- **What the task requires**: All of the data that follows should be given again exactly, without its images.

- **Supplied data**:
════════════════════

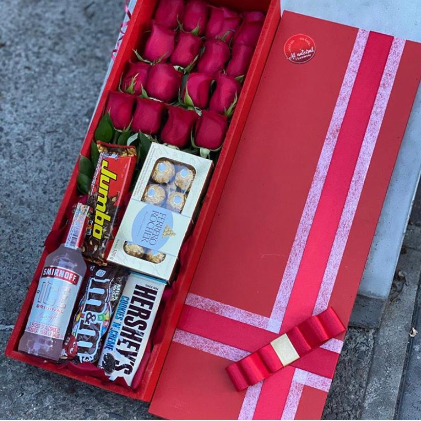 Arreglo Floral al natural para Toda Ocasión #  25 arreglo floral con rosas rojas, chocolates ferrero, chocolatina jumbo, choccolatina hershey,chocoolates mym  y cerveza smirnoff,
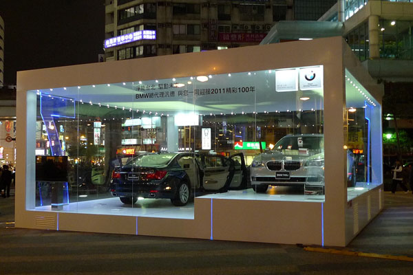 全球熱賣的全新BMW大7系列,自2009年在台上市以來,憑藉著雍容華貴的優雅氣質、精密尖端的創新科技、無人能及的駕馭動感和超越同級的舒適豪華,贏得各界一致肯定與讚賞,成為引領豪華旗艦性能房車發展的新標竿。BMW總代理汎德公司以前衛創意的方式,設立一座獨特巨型透明玻璃裝置藝術,即日起至2011年1月2日止,於台北市捷運忠孝復興站站前廣場,展示2011年式全新BMW 740Li尊榮版與全新BMW ActiveHybrid 7豪華油電旗艦,佇立在熱鬧的台北街頭,不但要吸引路過民眾注意力,更企圖展現全新BMW 7-Series精緻細膩的設計與精湛動力的表現。
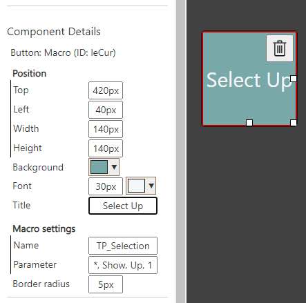 - for macro command TP_ChangeUserButtonProp specifictly, supported property name and value patterns include the following as examples: Background, #0000ff; Top, 100px; Left, 100px; Width, 50px; Height: 100px; Title, "User Button - New Title". (Font is not yet supported)

════════════════════

- **Solution for this exercise**:
 Arreglo Floral al natural para Toda Ocasión #  25 arreglo floral con rosas rojas, chocolates ferrero, chocolatina jumbo, choccolatina hershey,chocoolates mym  y cerveza smirnoff,
 全球熱賣的全新BMW大7系列,自2009年在台上市以來,憑藉著雍容華貴的優雅氣質、精密尖端的創新科技、無人能及的駕馭動感和超越同級的舒適豪華,贏得各界一致肯定與讚賞,成為引領豪華旗艦性能房車發展的新標竿。BMW總代理汎德公司以前衛創意的方式,設立一座獨特巨型透明玻璃裝置藝術,即日起至2011年1月2日止,於台北市捷運忠孝復興站站前廣場,展示2011年式全新BMW 740Li尊榮版與全新BMW ActiveHybrid 7豪華油電旗艦,佇立在熱鬧的台北街頭,不但要吸引路過民眾注意力,更企圖展現全新BMW 7-Series精緻細膩的設計與精湛動力的表現。
 - for macro command TP_ChangeUserButtonProp specifictly, supported property name and value patterns include the following as examples: Background, #0000ff; Top, 100px; Left, 100px; Width, 50px; Height: 100px; Title, "User Button - New Title". (Font is not yet supported)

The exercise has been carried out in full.